__WORK TO BE COMPLETED__:
Copy exactly the lines that run from the top of the listing to the line containing "Romantic, ethereal, elegant", both ends included, and omit the pictures.

━━━━━━━━━━

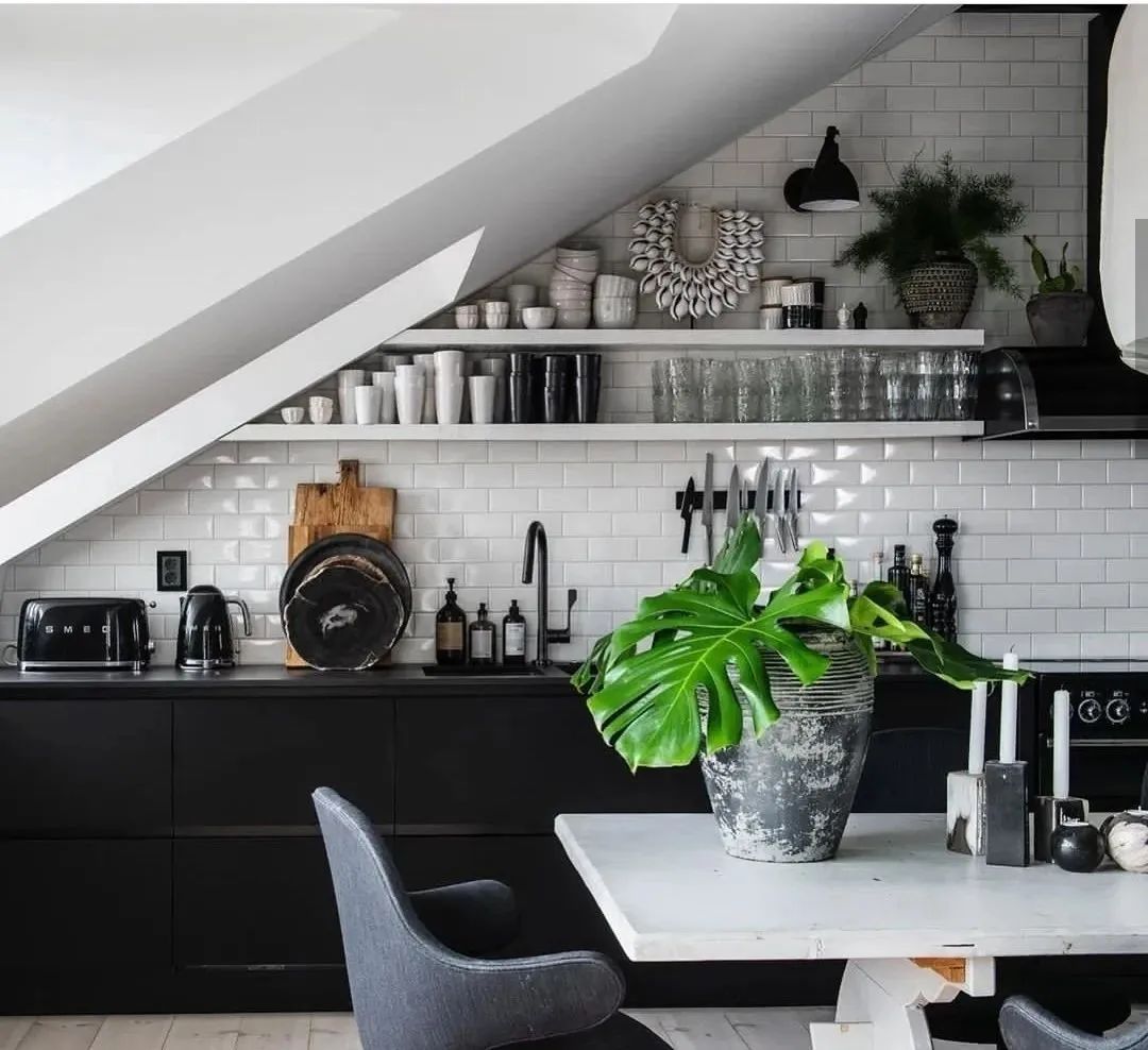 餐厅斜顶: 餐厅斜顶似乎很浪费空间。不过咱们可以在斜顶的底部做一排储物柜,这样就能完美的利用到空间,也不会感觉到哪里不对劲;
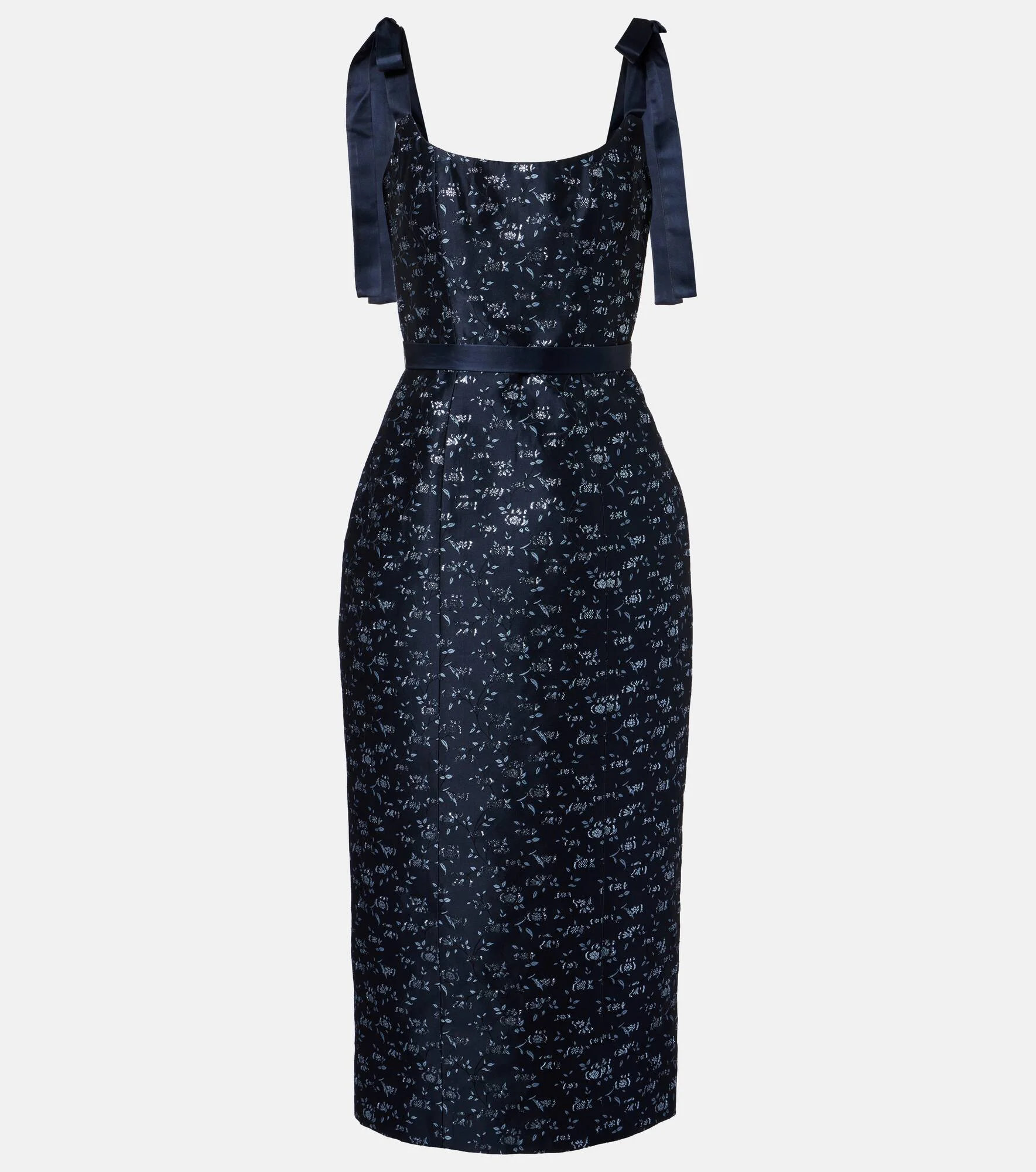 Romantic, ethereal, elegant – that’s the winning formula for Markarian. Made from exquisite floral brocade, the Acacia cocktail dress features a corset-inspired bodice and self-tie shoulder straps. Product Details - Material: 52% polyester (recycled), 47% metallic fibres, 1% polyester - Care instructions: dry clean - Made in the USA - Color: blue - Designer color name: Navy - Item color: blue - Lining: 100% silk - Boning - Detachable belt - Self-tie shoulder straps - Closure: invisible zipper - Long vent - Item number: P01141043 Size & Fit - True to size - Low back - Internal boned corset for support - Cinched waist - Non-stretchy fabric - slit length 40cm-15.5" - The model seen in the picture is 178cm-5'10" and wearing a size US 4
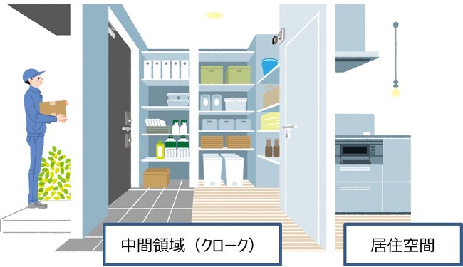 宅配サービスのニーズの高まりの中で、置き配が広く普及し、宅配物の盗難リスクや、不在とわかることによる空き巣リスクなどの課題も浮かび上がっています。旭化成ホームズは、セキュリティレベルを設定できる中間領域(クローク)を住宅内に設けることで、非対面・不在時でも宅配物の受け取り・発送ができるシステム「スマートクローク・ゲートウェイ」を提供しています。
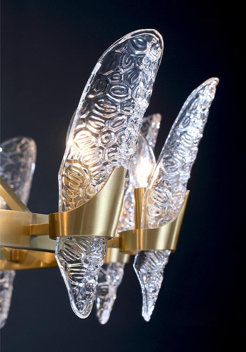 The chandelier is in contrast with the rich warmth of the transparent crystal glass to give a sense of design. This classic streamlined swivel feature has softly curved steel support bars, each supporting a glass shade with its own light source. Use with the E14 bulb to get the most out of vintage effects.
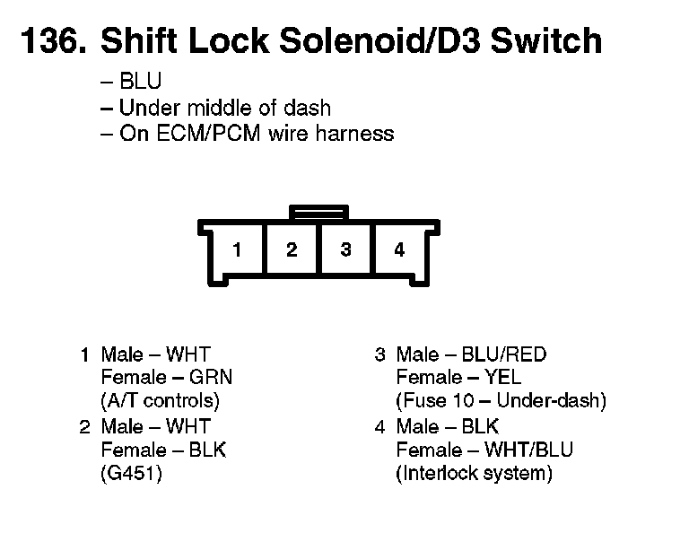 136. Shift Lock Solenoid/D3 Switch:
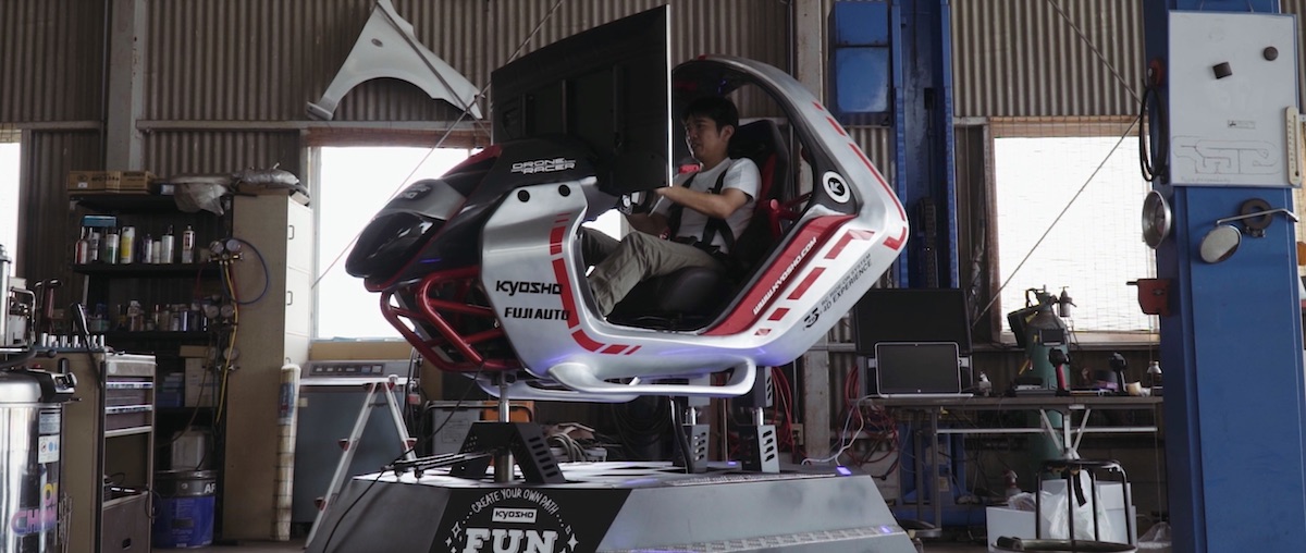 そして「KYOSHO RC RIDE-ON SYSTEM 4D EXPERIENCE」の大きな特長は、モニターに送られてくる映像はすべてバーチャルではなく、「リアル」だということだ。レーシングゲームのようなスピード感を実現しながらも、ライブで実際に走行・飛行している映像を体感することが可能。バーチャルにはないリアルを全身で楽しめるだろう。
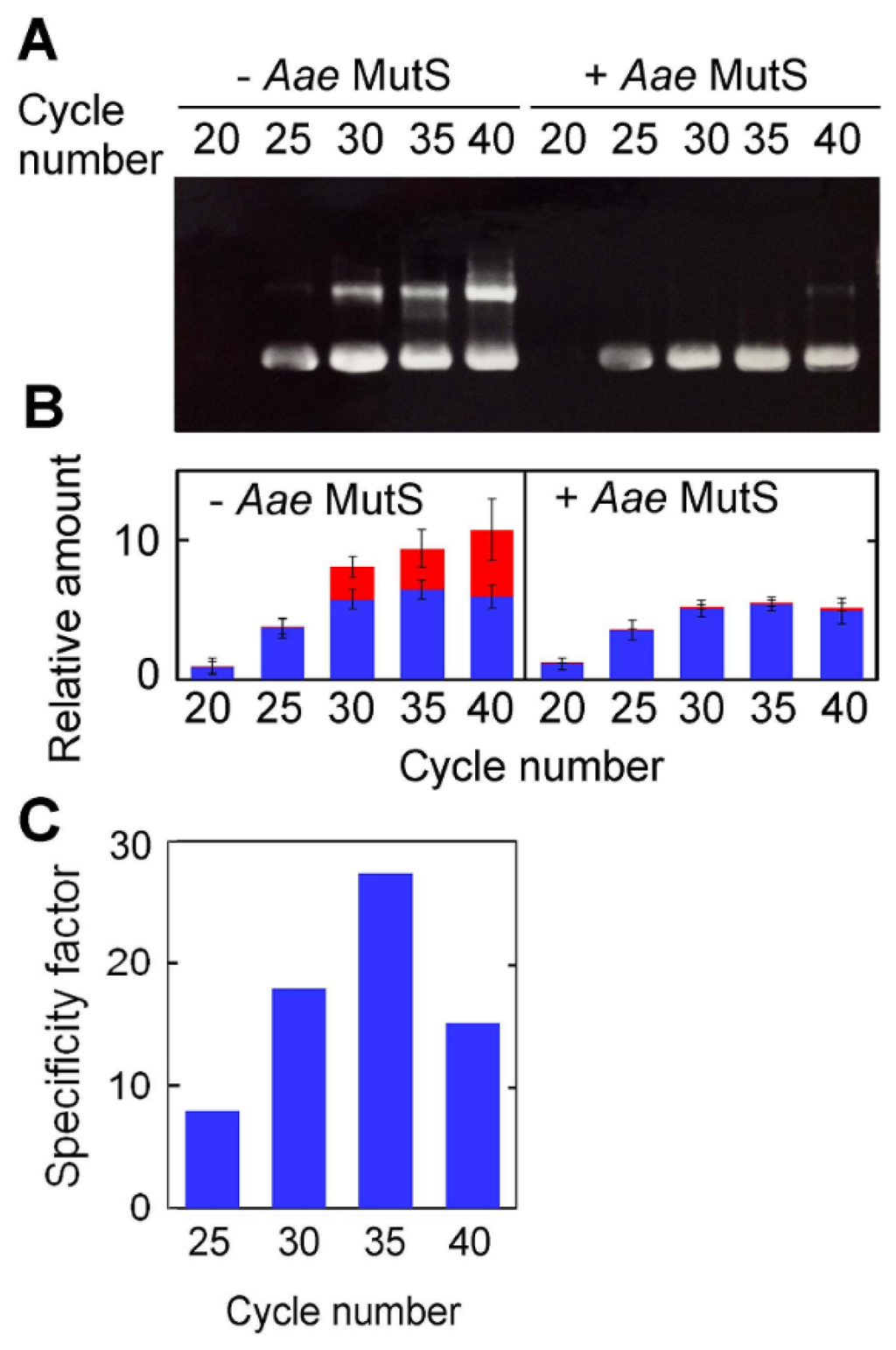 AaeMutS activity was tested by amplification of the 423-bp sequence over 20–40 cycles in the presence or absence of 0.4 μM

━━━━━━━━━━

__TASK SOLUTION__:
 餐厅斜顶: 餐厅斜顶似乎很浪费空间。不过咱们可以在斜顶的底部做一排储物柜,这样就能完美的利用到空间,也不会感觉到哪里不对劲;
 Romantic, ethereal, elegant – that’s the winning formula for Markarian. Made from exquisite floral brocade, the Acacia cocktail dress features a corset-inspired bodice and self-tie shoulder straps. Product Details - Material: 52% polyester (recycled), 47% metallic fibres, 1% polyester - Care instructions: dry clean - Made in the USA - Color: blue - Designer color name: Navy - Item color: blue - Lining: 100% silk - Boning - Detachable belt - Self-tie shoulder straps - Closure: invisible zipper - Long vent - Item number: P01141043 Size & Fit - True to size - Low back - Internal boned corset for support - Cinched waist - Non-stretchy fabric - slit length 40cm-15.5" - The model seen in the picture is 178cm-5'10" and wearing a size US 4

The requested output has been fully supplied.